Re: [RFC PATCH 2/2] livepatch: Implement livepatch hybrid mode

Yafang Shao <laoar.shao@xxxxxxxxx> · Sat, 8 Feb 2025 10:14:55 +0800

On Fri, Feb 7, 2025 at 5:36 PM Petr Mladek <pmladek@xxxxxxxx> wrote:
>
> On Fri 2025-02-07 11:16:45, Yafang Shao wrote:
> > On Fri, Feb 7, 2025 at 10:31 AM Josh Poimboeuf <jpoimboe@xxxxxxxxxx> wrote:
> > > On Mon, Jan 27, 2025 at 02:35:26PM +0800, Yafang Shao wrote:
> > > > - Temporary Loss of Patching
> > > >
> > > >   During the replacement process, the old patch is set to a NOP (no-operation)
> > > >   before the new patch is fully applied. This creates a window where the
> > > >   function temporarily reverts to its original, unpatched state.

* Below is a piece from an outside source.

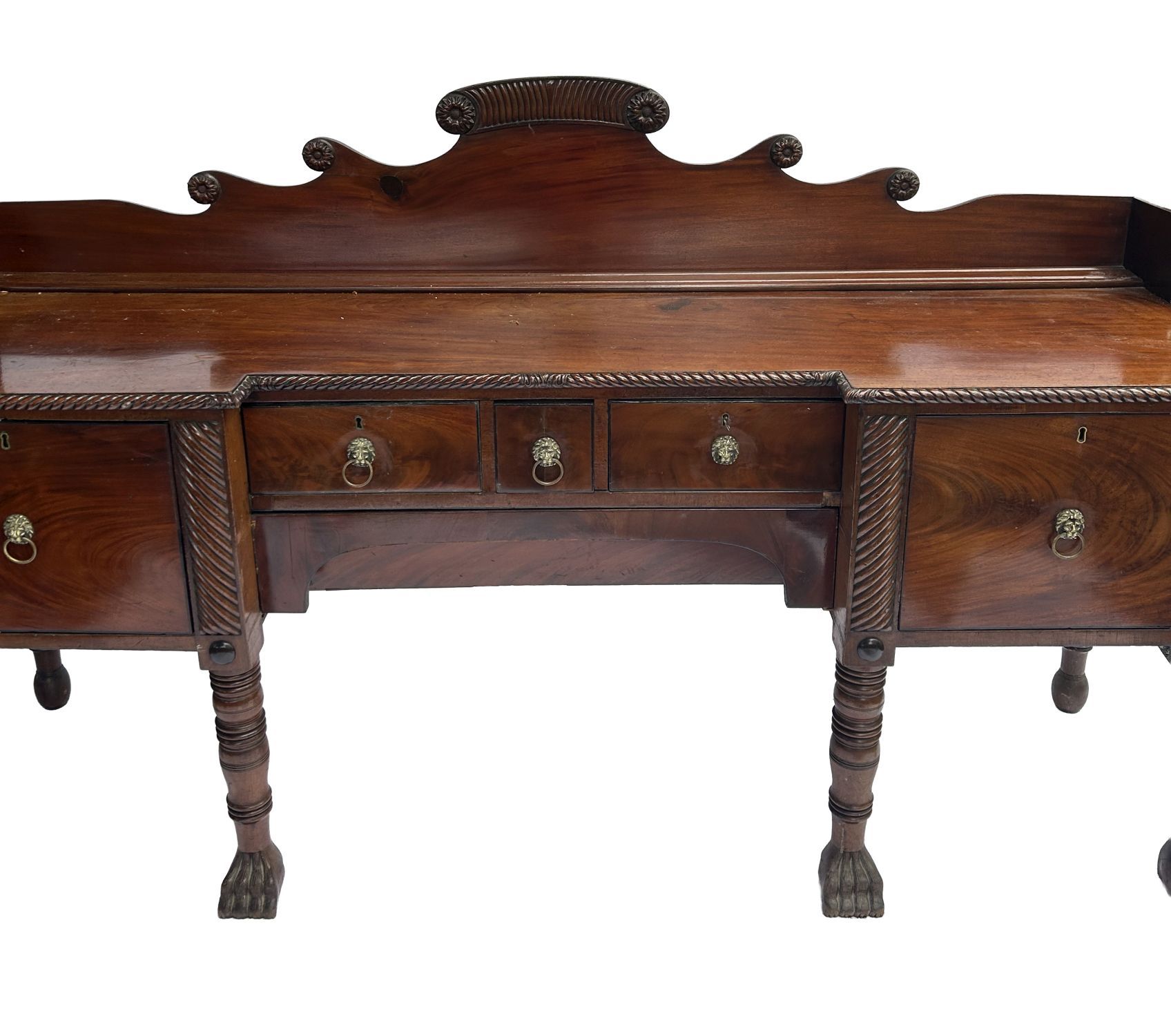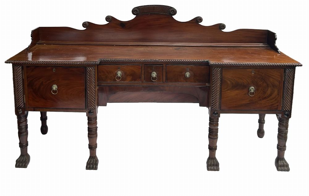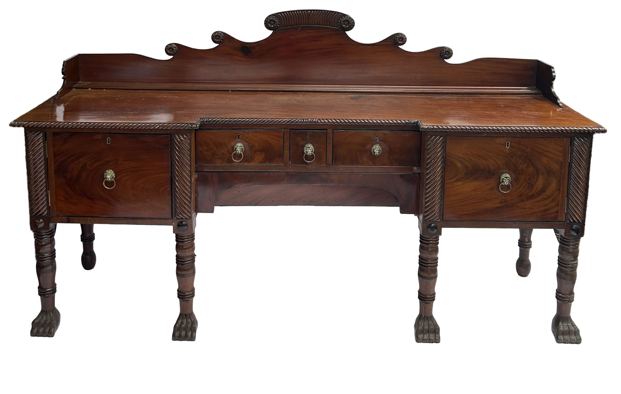 A fine Regency mahogany sideboard of serpentine outline, with rope-carved edges, central drawers and cupboards, flanked by pedestal cupboards, raised on turned and reeded legs with lion paw feet.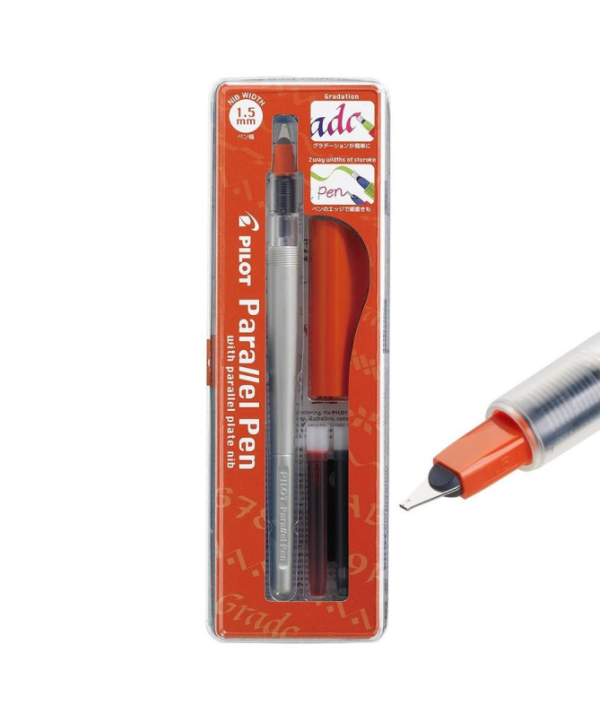 Marca: PilotPenna stilografica Pilot Parallel Pen 1,5 mm, con due cartucce (nero e rosso) e accessori per pulizia. Permette tratti larghi e sottili e mix di colori.

If the old
> > > >   patch fixed a critical issue (e.g., one that prevented a system panic), the
> > > >   system could become vulnerable to that issue during the transition.
> > >
> > > Are you saying that atomic replace is not atomic?  If so, this sounds
> > > like another bug.
> >
> > >From my understanding, there’s a window where the original function is
> > not patched.
>
> This is a misunderstanding.
>
> > klp_enable_patch
> > + klp_init_patch
> >    + if (patch->replace)
> >           klp_add_nops(patch);  <<<< set all old patches to nop
>
> 1. The "nop" entry is added into the _new_ (to-be-enabled) livepatch,
>    see klp_add_nops(patch). The parameter is the _newly_ enabled patch.
>
> 2. The "nop" entries are added only for functions which are currently
>    livepatched but they are not longer livepatched in the new
>    livepatch, see:
>
> static int klp_add_object_nops(struct klp_patch *patch,
>                                struct klp_object *old_obj)
> {
> [...]
>         klp_for_each_func(old_obj, old_func) {
>                 func = klp_find_func(obj, old_func);
>                 if (func)
>                         continue;       <------ Do not allocate nop
>                                                 when the fuction is
>                                                 implemeted in the new
>                                                 livepatch.
>
>                 func = klp_alloc_func_nop(old_func, obj);
>                 if (!func)
>                         return -ENOMEM;
>         }
>
>         return 0;
> }

Thanks for your explanation.

>
>
> > + __klp_enable_patch
> >    + klp_patch_object
> >       + klp_patch_func
> >          + ops = klp_find_ops(func->old_func);
> >             + if (ops)
> >                    // add the new patch to the func_stack list
> >                    list_add_rcu(&func->stack_node, &ops->func_stack);
> >
> >
> > klp_ftrace_handler
> > + func = list_first_or_null_rcu(&ops->func_stack, struct klp_func
>
> 3. You omitted this important part of the code:
>
>         if (unlikely(func->transition)) {
>                 patch_state = current->patch_state;
>                 if (patch_state == KLP_TRANSITION_UNPATCHED) {
>                         /*
> ---->                    * Use the previously patched version of the function.
> ---->                    * If no previous patches exist, continue with the
> ---->                    * original function.
>                          */
>                         func = list_entry_rcu(func->stack_node.next,
>                                               struct klp_func, stack_node);
>
>
>         The condition "patch_state == KLP_TRANSITION_UNPATCHED" might
>         be a bit misleading.
>
>         The state "KLP_TRANSITION_UNPATCHED" means that it can't use
>         the code from the "new" livepatch => it has to fallback
>         to the previously used code => previous livepatch.

Understood.

>
>
> > + if (func->nop)
> >        goto unlock;
> > + ftrace_regs_set_instruction_pointer(fregs, (unsigned long)func->new_func);
>
> > Before the new atomic replace patch is added to the func_stack list,
> > the old patch is already set to nop.
>       ^^^
>
>      The nops are set in the _new_ patch for functions which will
>      not longer get livepatched, see the commit e1452b607c48c642
>      ("livepatch: Add atomic replace") for more details.
>
> > If klp_ftrace_handler() is
> > triggered at this point, it will effectively do nothing—in other
> > words, it will execute the original function.
> > I might be wrong.
>
> Fortunately, you are wrong. This would be a serious violation of
> the consistency model and livepatches modifying some semantic would
> blow up systems.

That is great. Thanks for your help.

-- 
Regards
Yafang